The collaborators, Professor Haohua Wang's group in Zhejiang University, China, Professor Jason Twamley at the Centre for Engineered Quantum Systems, Macquarie University, and Professor Mang Feng's group for Bound-System Quantum Information Processing at Wuhan Institute of Physics and Mathematics, Chinese Academy of Sciences, have published their latest research result experimentally exploring a quantum phase transition.
Exploring quantum phase transitions experimentally has, until recently, been thought to be impossible as most theories predict that one requires very large light-matter coupling strengths – so high that experiments have so far been unable to reach them. This stumbling block was circumvented in this work by continually driving the system with microwave radiation.
In the team's experiment they used a superconducting quantum chip containing four quantum bits (qubits), coupled to an integrated microwave superconducting cavity – essentially an electrical quantum superconducting circuit. By continually driving the electrical circuit and carefully measuring the quantum state of the qubits the researchers were able to observe the abrupt change from a 'normal phase' to a 'superradiant phase', of the quantum chip as they swept through the quantum phase transition.

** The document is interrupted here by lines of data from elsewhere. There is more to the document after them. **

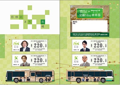 この記念乗車券は、大阪市福島区に所在する関西将棋会館が本市へ移転し、今年ついにオープンを迎えること、令和6年2月に市営バスが開業70周年を迎えたことを記念して製作されました。記念乗車券には、本市ゆかりの4人の棋士、福崎文吾九段、浦野真彦八段、古森悠太五段、桐山清澄九段がそれぞれ描かれた220円普通券4枚と市営バス全線が乗り放題となる「全線1day乗車券」1枚を、車内外が将棋一色にラッピングされたバス「高槻将棋ライナー」、将棋漫画「将棋の渡辺くん」などがデザインされたA4サイズの特製台紙にセットし、特製クリアファイル
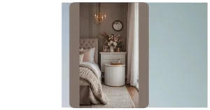 And just when you thought it couldn’t get any better, check out those snazzy gold accents and the elegant side tables, perfect for holding your phone (after you’ve taken a million selfies, of course) or maybe even a fancy glass of sparkling cider. That tufted headboard makes you feel like royalty, or at least like someone very important who gets extra comfortable things. This isn’t just a room; it’s practically a pampering paradise designed for maximum chill and looking ridiculously chic while doing absolutely nothing.
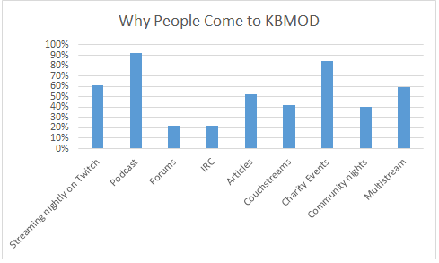 We believe KBMOD is different than your run-of-the-mill Twitch channel or gaming news outlet, and the wide range of reasons for you coming to KBMOD truly reflects that. As you can see below, the Podcast is, unsurprisingly, the most popular, but you also are a huge fan of participating in charity events. It was surprising, though, that there was less interest in the couch stream since they are related. KBMOD plans to keep doing the couch streams because we learn so much from them, and because they’re too much fun to give up. From them, we learn what works well and what doesn’t, which will ultimately improve the quality of the Extra-Life LAN event.
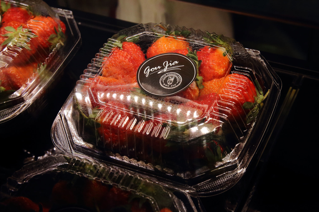 草莓像是精心挑選的,每個都差不多一樣大小,擺得跟花一樣,光看就讓人感到無比幸福
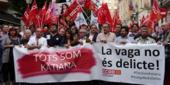 «CCOO sigue firme en la convicción de que la huelga y su publicad es un derecho que se tiene que garantizar por parte de los poderes públicos, y el hecho de perseguir y encausar sindicalistas, con peticiones de prisión totalmente desproporcionadas, es un grave atentado contra las libertades de los trabajadores»,
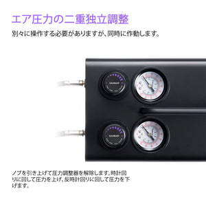 独立デュアルアウトレット:デュアルエアアウトレットは独立して動作するため、2台のエアブラシを同時に使用したり、他のユーザーと共有したりする際もツールの切り替え不要で便利です。
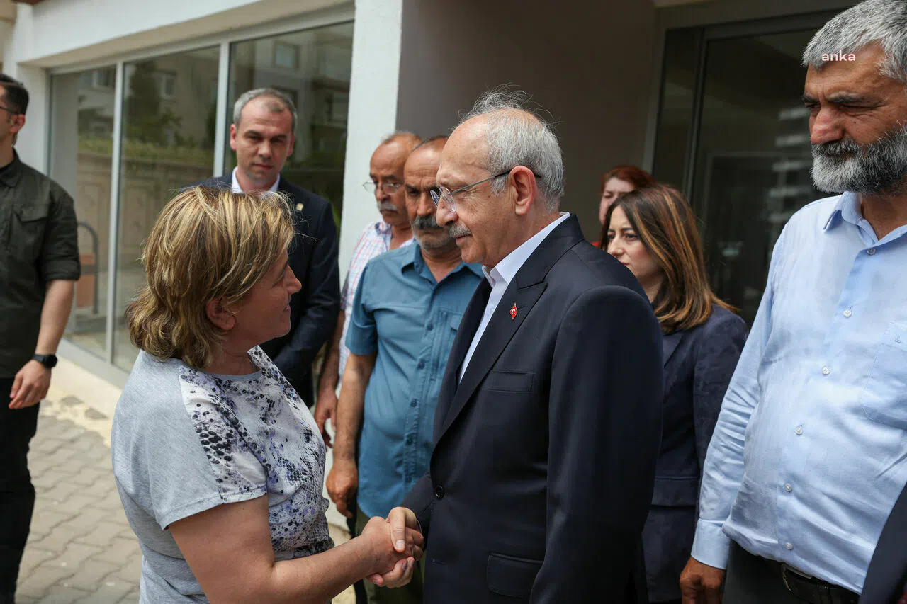 CHP Genel Başkanı Kemal Kılıçdaroğlu, Babalar Günü’nde Kahramanmaraş merkezli 6 Şubat depremlerinden etkilenen Hatay Defneli Keremoğlu ve Antakyalı Uçar ailelerini Ankara Yenimahalle’deki evlerinde ziyaret etti. CHP lideri Kılıçdaroğlu’na ziyareti sırasında Genel Başkan Yardımcısı Aysu Bankoğlu ve Yenimahalle Belediye Başkanı Fethi Yaşar eşlik etti. Kılıçdaroğlu, depremzedelerin sorunlarını dinledi ve çocuklarıyla hatıra fotoğrafı çektirdi.

"In the ordinary world we are all familiar with classical phase transitions when matter changes from one type of state to another, for example when solid water – ice – turns to liquid if we heat it or when we apply pressure to the ice when we ice skate," said Professor Jason Twamley.
"Researchers have been intrigued for decades by the quantum counterpart – or a quantum phase transition – where the quantum state of matter abruptly changes as you slowly change a quantity. A typical case is where the symmetry of the quantum state changes abruptly, for example, when it changes from a configuration with four-fold symmetry to one with six-fold symmetry," said Professor Twamley.
"It is suspected that quantum phase transitions also play a crucial role in various materials whose properties we wish to understand – for example, high temperature superconductors, so we can engineer them again to suit technology. This experiment is a first step towards a deeper understanding of the curious features of the quantum phase transition," said Professor Mang Feng.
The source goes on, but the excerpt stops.